» THE DATA:
--

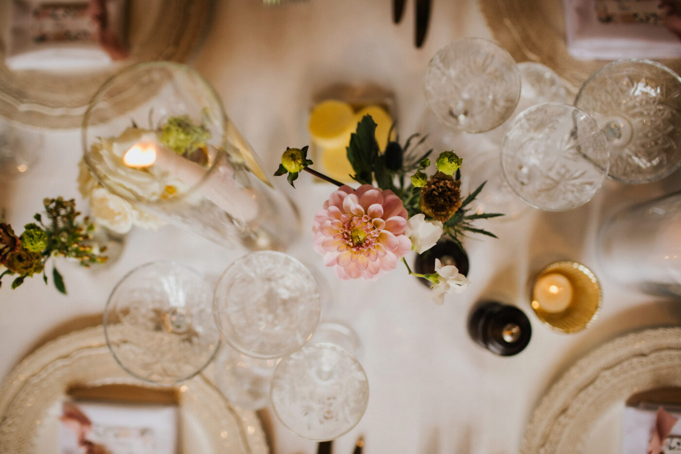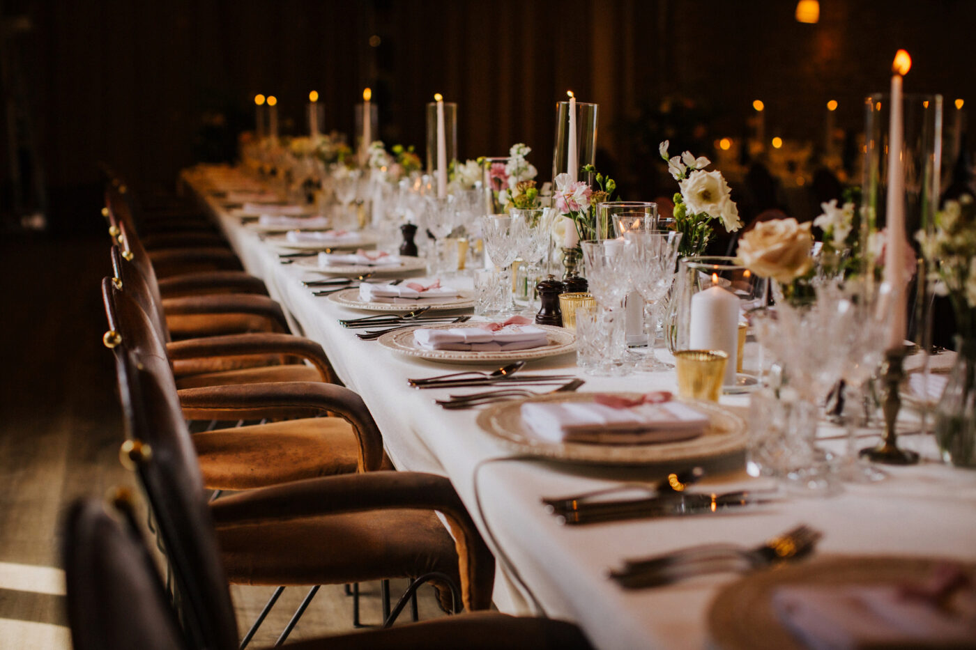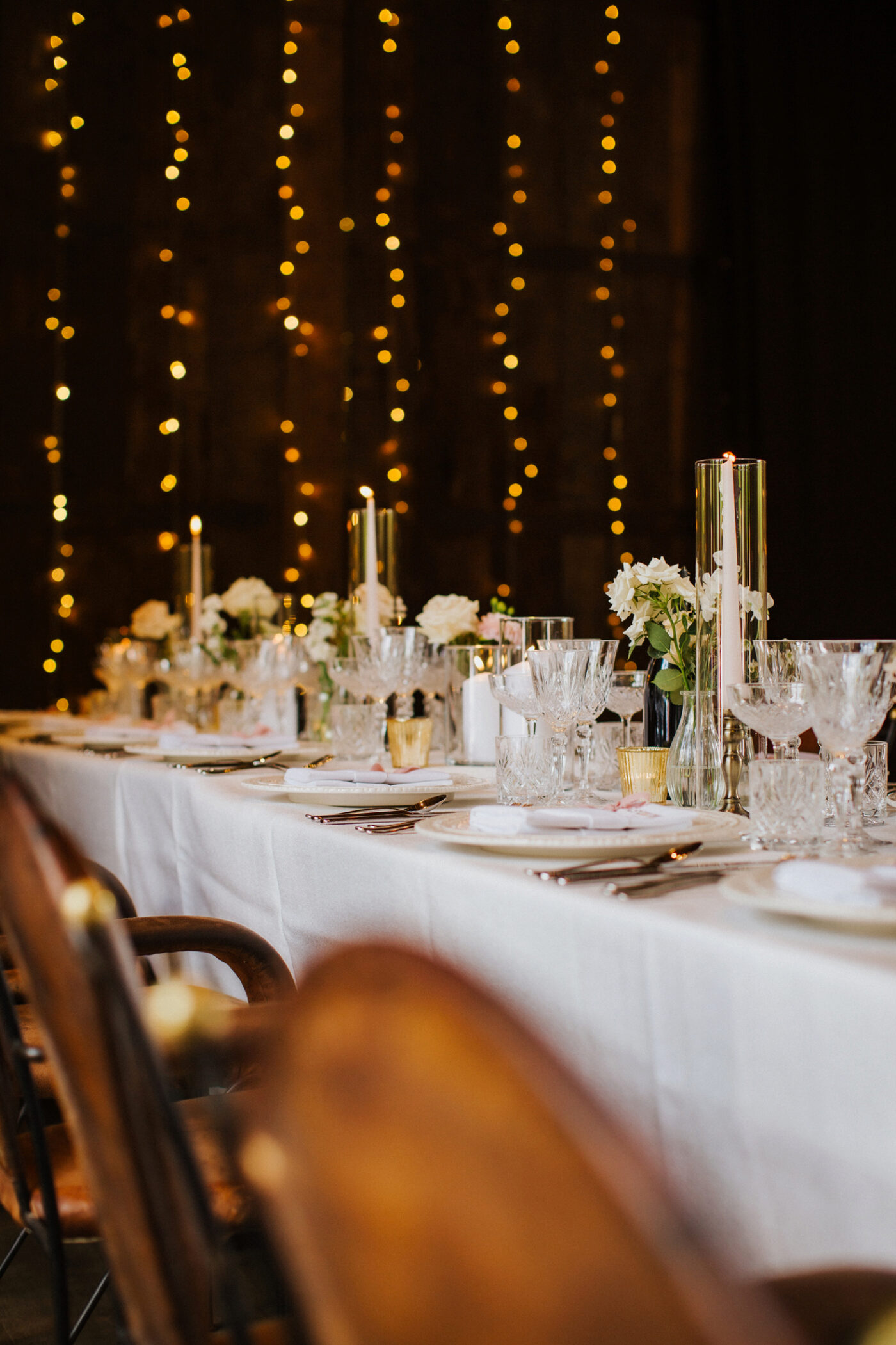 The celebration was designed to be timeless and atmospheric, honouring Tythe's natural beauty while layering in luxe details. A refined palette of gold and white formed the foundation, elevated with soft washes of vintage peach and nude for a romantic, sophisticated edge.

--

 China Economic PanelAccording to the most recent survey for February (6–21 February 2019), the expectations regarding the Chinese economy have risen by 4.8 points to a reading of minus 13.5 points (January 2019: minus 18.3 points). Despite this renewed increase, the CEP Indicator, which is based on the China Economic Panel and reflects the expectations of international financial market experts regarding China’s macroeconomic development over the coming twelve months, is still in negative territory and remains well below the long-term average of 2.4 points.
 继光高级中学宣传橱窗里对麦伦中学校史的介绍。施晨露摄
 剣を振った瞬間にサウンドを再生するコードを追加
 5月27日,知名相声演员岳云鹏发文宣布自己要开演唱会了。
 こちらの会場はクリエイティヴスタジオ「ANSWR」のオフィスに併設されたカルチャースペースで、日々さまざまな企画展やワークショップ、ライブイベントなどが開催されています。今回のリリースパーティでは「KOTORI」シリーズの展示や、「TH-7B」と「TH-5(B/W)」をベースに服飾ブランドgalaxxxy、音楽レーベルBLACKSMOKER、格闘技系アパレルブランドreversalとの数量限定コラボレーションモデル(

--

» ABOUT THIS EXERCISE: The stretch of entries above that starts with the line containing "剣を振った瞬間にサウンドを再生するコードを追加" and goes on through the line containing "こちらの会場はクリエイティヴ" is to be transcribed exactly, and no other line is to be transcribed.

» TASK ANSWER:
 剣を振った瞬間にサウンドを再生するコードを追加
 5月27日,知名相声演员岳云鹏发文宣布自己要开演唱会了。
 こちらの会場はクリエイティヴスタジオ「ANSWR」のオフィスに併設されたカルチャースペースで、日々さまざまな企画展やワークショップ、ライブイベントなどが開催されています。今回のリリースパーティでは「KOTORI」シリーズの展示や、「TH-7B」と「TH-5(B/W)」をベースに服飾ブランドgalaxxxy、音楽レーベルBLACKSMOKER、格闘技系アパレルブランドreversalとの数量限定コラボレーションモデル(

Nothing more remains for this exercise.